Right now is an excellent time to be
an NBA hoops fan. Playoffs start Saturday and the most high stakes event
involving a ping-pong ball this side of East Asia, is about a month out. It
really is one of the only moments during the season, other than Opening Night,
where all NBA fans have something to look forward to. Whether it be
hoping your team goes on a post-season run or hoping your team sucked the
perfect amount during the regular season so they were able to put in just the
right amount of pong balls in a hamster wheel. Right now, everybody's got hope.
With that said, some teams have weird
hope. Take the Milwaukee Bucks and Atlanta Hawks, for instance. One team has
clinched the worst record in the NBA. The other got the shit beaten out
of them in late February/early March, and somehow woke up in the playoffs. The former gets a head-start at winning
Bingo. The latter gets to keep a streak of unimpressive playoff appearances
alive. So whose certainly empty arena would you rather sit your ass down in
going forward? Let’s take a look at the case for each squad.
The Bucks
I like to picture Milwaukee as a city
in a perpetual state where it is always cloudy, wet and 26 degrees. Where homeless people greet you outside every
ATM, taxis are never there when you need them and every girl looks and acts like
Maya Rudolph in Bridesmaids, which of course, takes place in Milwaukee, and is
indeed a terrible movie. The city’s
basketball team hasn’t done the people any favors. But everybody knows that in
the NBA, you have to go down to go up. In a month, the Bucks will have a 25%
chance at getting the first pick in the draft where they will probably take
Andrew Wiggins. There is a good chance
that Wiggins (or Parker or Embiid or Randle etc.) will be stars in this league
and could take the Bucks to the next level. However, a 25% chance doesn’t let
me sleep easy at night. That is basically Dan Uggla’s career batting average.
Would you be confident in Danny Forearms getting you a hit in a clutch
situation? If you were then you would have more irrational confidence than
Sandy Lyle.
So to summarize if you’re a Bucks
fan....You won 15 games in one season. Your holding out hope that Dan Uggla
gets you a hit in a big situation. And even if Uggla does get a hit, you’re
most likely going to draft a man who pooped himself against Stanford in the
tournament. And even if Wiggins does succeed, he would be surrounded by a team
whose best players are Brandon Knight, a lanky Greek kid and a marijuana
advocate. And even if they do play well and win playoff games, once the
contracts expire any decent player will look to get out of town because
Milwaukee isn’t exactly the Mecca for the NBA lifestyle. And even if it all
works out and Milwaukee wins a title, you’re going to go out, drink a shitload
of Miller Lites, and still end up going home with a Maya Rudolph. To quote the
fat kid in the Denzel movie about debate teams, “I think I will take the
latter.”
The Hawks
Although I am taking this latter,
nothing about it is impressive.

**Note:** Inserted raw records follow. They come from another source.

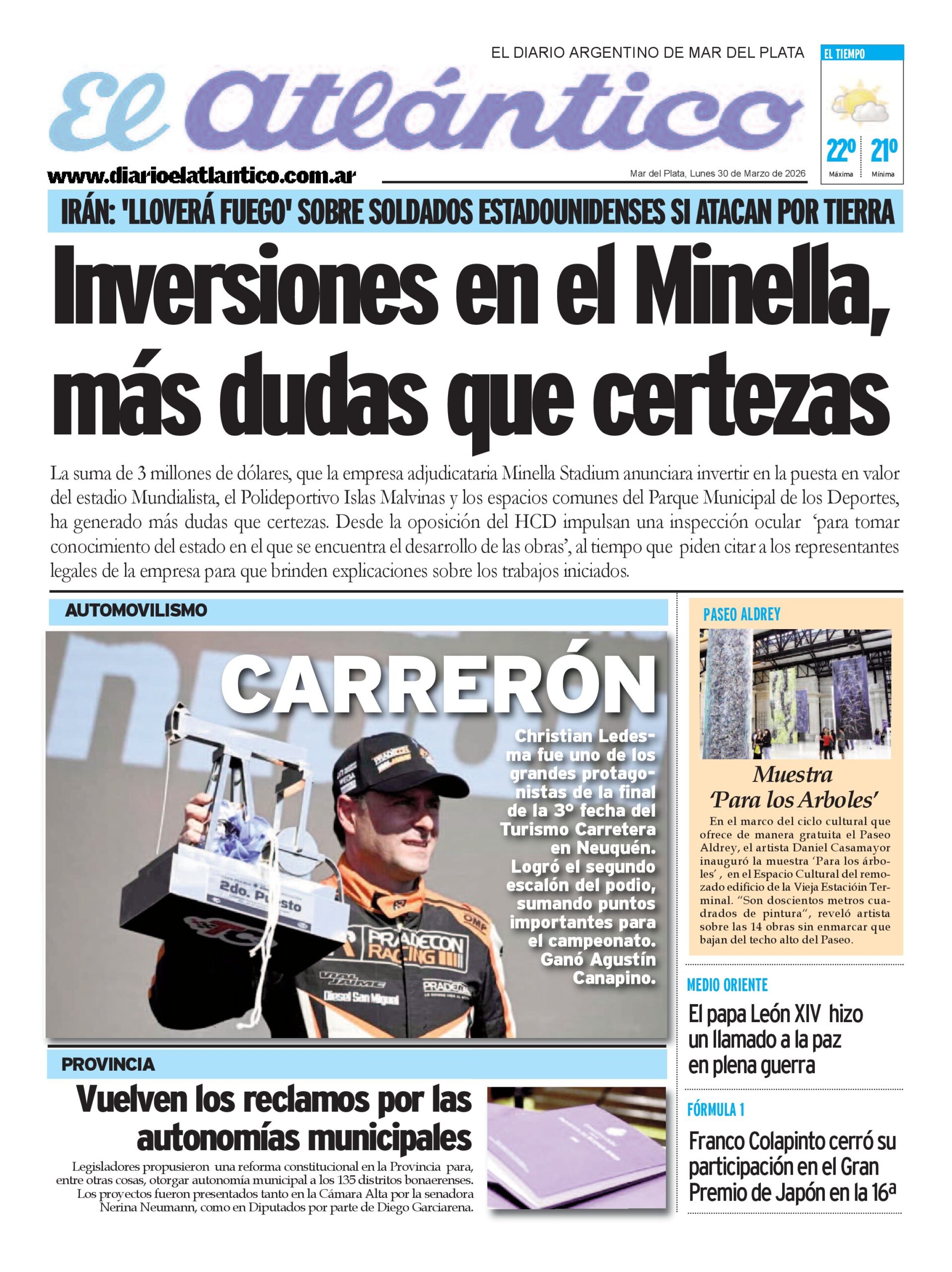 El volante marplatense Christian Ledesma fue uno de los grandes protagonistas de la final de la tercera fecha del Turismo Carretera en Neuquén. Cerró un sólido...
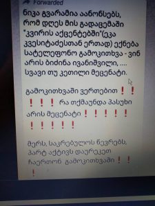 შეგახსენებთ, რომ ეკა ხერხეულიძემ სოციალურ ქსელში გააზიარა სმს-ის სქრინი, სადაც წერია, რომ ბათუმის მერიის თანამშრომლები “ტელეკომპანია “რუსთავი 2-ის” ინტერაქტივში უნდა ჩაერთონ და დააფიქსირონ, რომ ბიძინა ივანიშვილი არის კეთილი მეცენატი.
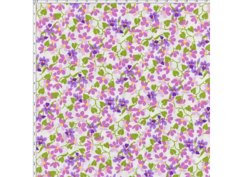 Tecido Estampado para Patchwork - Petits Roses II Floral Cheio Fundo com Flores Lilás (0,50x1,40)
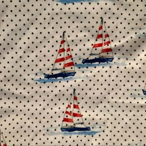 Grosgrain ribbon cross-cross detail at the neck. Cuffed short sleeves.
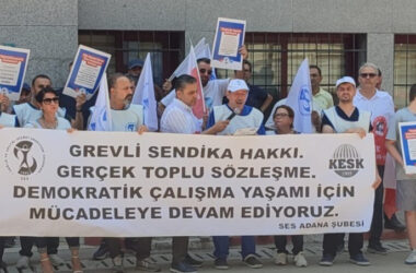 Sağlık ve Sosyal Hizmet Emekçileri Sendikası (SES) 1 Ağustos’ta başlayacak toplu sözleşme görüşmeleri öncesi birçok kentte açıklama yaptı. 7 dönem boyunca sefalete mahkum eden yandaş sendika ve patron devleti temsil eden hükümetin birlikte oynadığı tiyatro ile oyalanmak yerine toplu iş sözleşmesi programı etrafında birlikte mücadele ederek hem yetkilendirilmiş yandaş sendikayı [Devamını Oku…]

Like Milwaukee’s perpetual depressing weather,
the Atlanta Hawks are stuck in a perpetual cycle of outstanding mediocre
basketball. The Hawks have made the playoffs seven straight years, but never
made it beyond the 2nd round. Nobody is better at being good, but
not great. If the NBA were like a diving board, and every team approaches the
edge of the board preparing to jump, there are two viable options at their
disposal: Either make your immaculate leap and go for the gold, or roll over
and flop into the water. The Hawks
choose to just stand at the edge rubbing their nipples.
The Hawks are a better choice for
fandom because the city of Atlanta is awesome and the players, while arguably
peaked, are skilled and likable But the real kicker as to
why the Hawks are a better choice is the fact that their “success” gives you
some ammo in terms of defending and justifying your team. How often are you in
a bar arguing with your buddies about whose teams better? Typically, the
conversation goes a little like this:
Hawks guy: “Bro, your root for the
Bucks, you can’t talk shit.”
Bucks guy: “Win a title then come talk
to me.”
Hawks guy: “1958”
Bucks guy: “Oh yeah, we won in ’71.
More recent. Better competition. That’s a real title.”
Hawks guy: “Whatever we weren’t even
alive. It’s about what we’ve seen.”
Bucks guy: “ And what exactly have you
seen other than waffle houses and gang activity?”
Hawks guy: “7 straight playoff
appearances.”
That right there ends the argument.
Pick the Hawks and enjoy your 18th pick every year.